Sam moved from her home country of New Zealand to Victoria, Australia, where she was sexually exploited in a legal brothel.
I was raped at the age of 12 by a family friend. I didn’t tell anyone in my family until I was 27. I strongly believe that my early life experiences made the idea of going into prostitution later on an easier decision—if you can even call it that. My body had already been violated and men had used me for sex for years. Past experience of abuse often plays a major role in women ending up in the sex industry.
When entering the industry no one tells you about the possible impacts. It’s easy to get caught up in the money to be made and not realise the impact it has both psychologically and physically. I find it difficult to believe that when it’s looked at logically, some people don’t get how damaging it is.
I moved from New Zealand to Australia in my 20s and entered prostitution in legal brothels in Victoria a few years later. I was very naïve in the beginning; I even used my real name for the first three weeks because no one told me that I shouldn’t. I had very low esteem and body image issues so found it exhilarating that men chose me. I laugh about that thought now. I would never base my self-worth on whether or not a man wants to have sex with me now—or even finds me attractive for that matter.
By legalising prostitution men are being told by the government that it’s perfectly ok to purchase a woman. Women are not commodities to be bought and sold.
I earned more money on my first shift than I did all week in my part time activity work role.

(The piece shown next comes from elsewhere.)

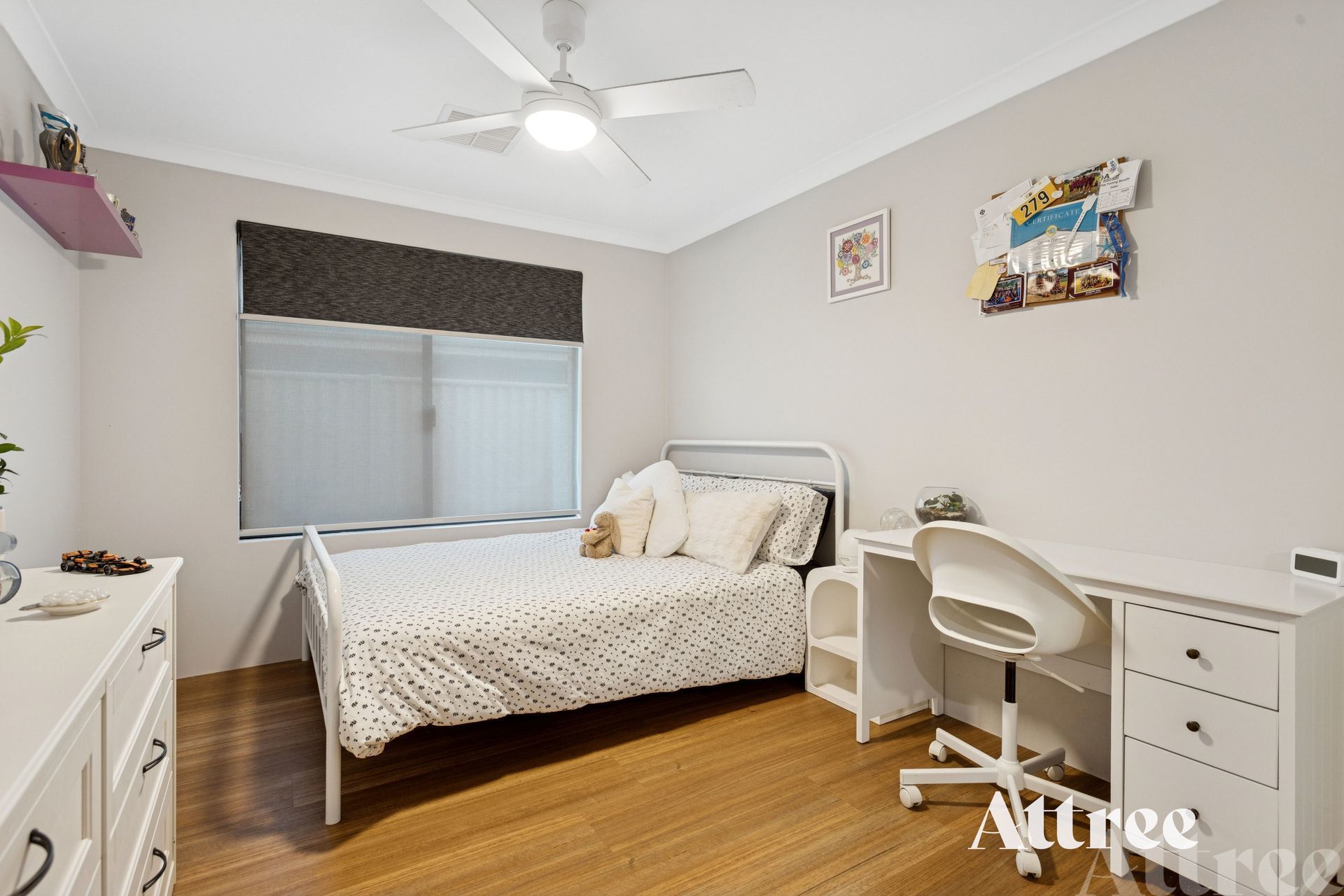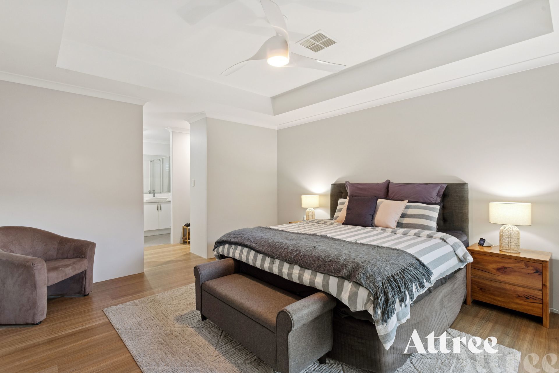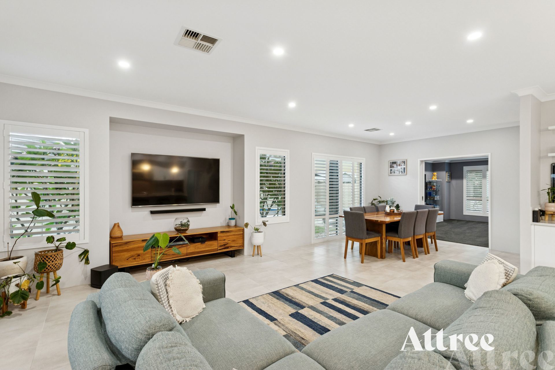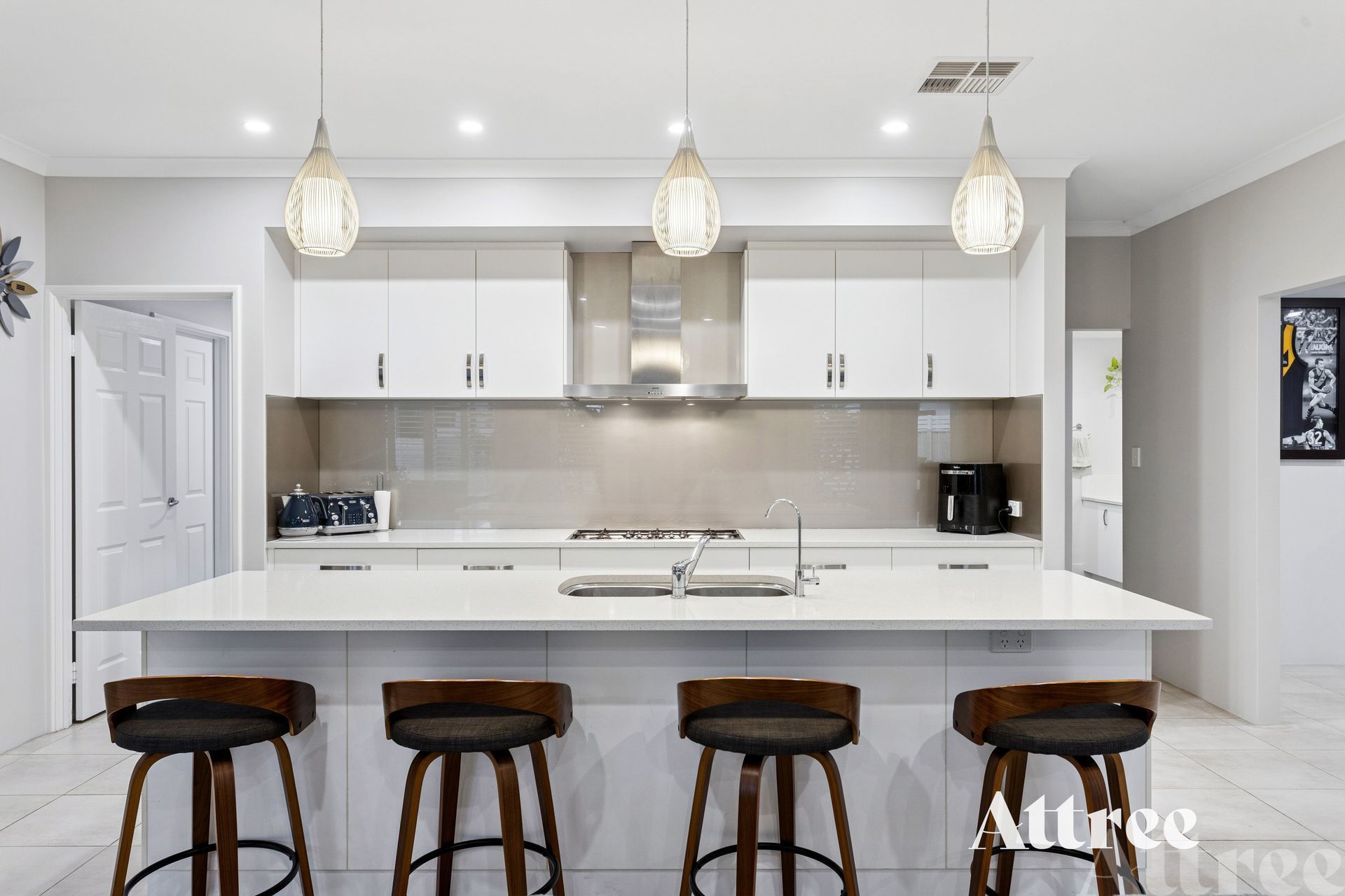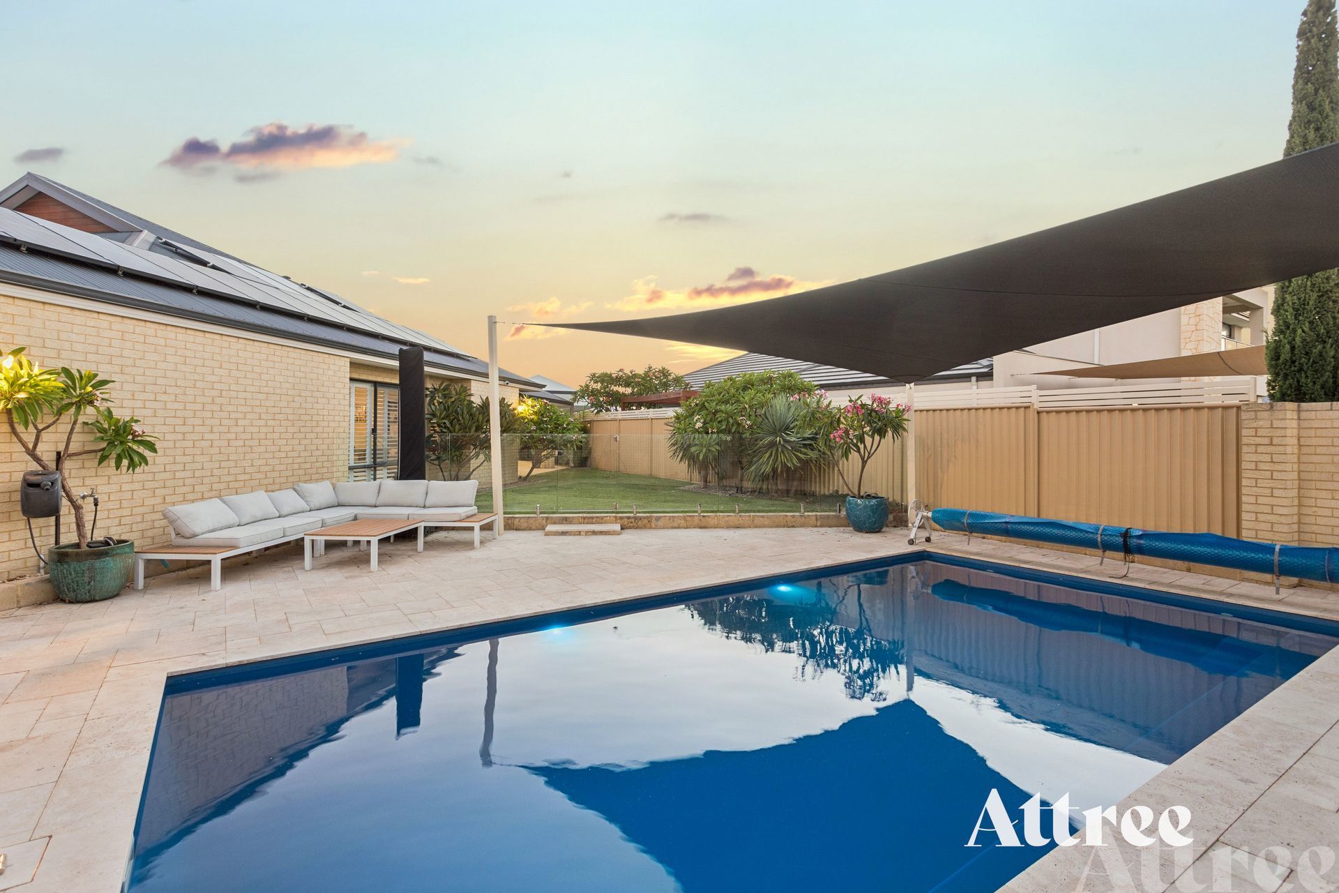 Outside, entertain in style under the large alfresco area fitted with roller blinds, creating an additional outdoor living space. The backyard is laid out like a five-star resort, with beautifully manicured lawns and gardens leading to a feature below-ground swimming pool-perfectly suited to the Perth lifestyle. Liquid limestone surrounds the home and driveway, and with excellent parking options including a third garage, there is plenty of room for the whole family.

An average shift would mean having sex with five to eight men. Some were short bookings (20 mins) others were long (1 hr). I think it was around the two year mark that I started to feel the strain both physically and emotionally.
If you do prostitution full-time you would generally have five long shifts and, on average, have sex with between 20 to 40 strangers; some of whom will treat you badly. How can anyone think that it is not going to do you harm?
I believe that the men who go to brothels see absolutely nothing wrong with it; they are fed sexualised images by the media everywhere, and why not! The government says that it’s ok; the law says it’s ok so why would they question it?
I do not see the industry as a viable option for women, but understand due to the economy, unequal pay, and gender inequality in general why some women end up there.
I thought about leaving for such a long time, but I was in my 40s by the time I did it. And this was only because I managed to find some time to study in the back of a brothel. A friend promised me a job as soon as I was qualified, so as soon as I got my degree, I left.
My experience of being in prostitution has impacted my life in many ways. I think that 99% of men are not nice human beings; they have no respect for women. I don’t trust any men. I sometimes still have nightmares about a client who treated me badly.
I believe that Australia should adopt the Swedish Model in regards to prostitution. Demand should be criminalised. In focusing on the demand side, Sweden has been successful in reducing trafficking. Women are in a position in society where circumstances push them into prostitution, but men have a choice. They don’t need to have sex available to them. By legalising prostitution, men are being told by the government that it’s perfectly ok to purchase a woman. Women are not commodities to be bought and sold. Legalisation normalises something that is far from normal.